Disney researchers built the first tetherless hopping robot

The researchers haven't revealed the potential applications, but we can't imagine Disney will have trouble finding a way to monetize the self-powered bouncing robot.
Written by Kelly McSweeney, Contributor

A team at Disney Research (yes, as in Walt Disney) has made the first tetherless hopping robot. This type of single-legged hopping robot is typically only used to study balance issues, but that's because previous versions had to be plugged in. Disney's latest version runs on battery power, so it doesn't need to be plugged into an external motor or power source. Now that the robot is untethered, it can be used outside the lab.

The robot weighs less than five pounds, stands about one-foot-tall, and consists of a leg and a torso. The leg uses a type of motor that operates similarly to a loudspeaker. It is called a linear elastic actuator in parallel, which has the convenient acronym LEAP.

Disney hasn't commented on potential applications for the hopping robot, but in a paper describing the study, the researchers wrote that "legged robots are useful because among other advantages, they can overcome uneven terrain, and can entertain an audience as they act out complex movements." Certainly, Disney won't have trouble finding a way to monetize the self-powered bouncing robot.

In experiments, the researchers demonstrated that the robot could keep its balance for seven seconds, or 19 hops, which isn't all too impressive. However, they succeeded in proving that this kind of robot can be untethered, and they are confident that its performance can be improved with a few simple upgrades. They suggest that future iterations would balance for longer if the robot is made with better hardware and if the on-board computer power is increased by using a mini computer such as an Odroid or a Raspberry Pi.

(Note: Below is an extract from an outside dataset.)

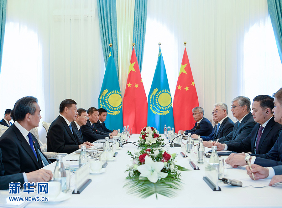 6月13日,國家主席習(xí)近平在比什凱克會見哈薩克斯坦總統(tǒng)托卡耶夫。 新華社記者 高潔 攝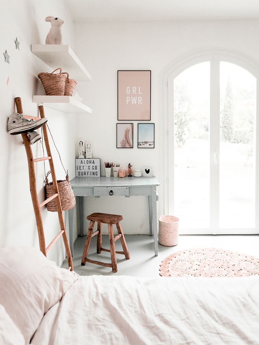寝具: 寝具の色や柄もお部屋の印象に影響します。好みはさまざまですが、子供用の寝具のプリントは最もファッショナブルに見えない傾向があります。壁紙、壁、棚、写真と一致する無地の寝具を選択してください。

While it's a bit surprising that robotic breakthroughs are coming from a company that is better known for children's movies and theme parks, Disney Research is actually quite serious. The official purpose of this R&D arm of Disney is "to pursue scientific and technological innovation to advance the company's broad media and entertainment efforts." Its labs, which are located in Los Angeles, Pittsburgh, and Zürich, have made other recent breakthroughs in robotics, as well as technology such as 3D printing, wearables, and of course, animation.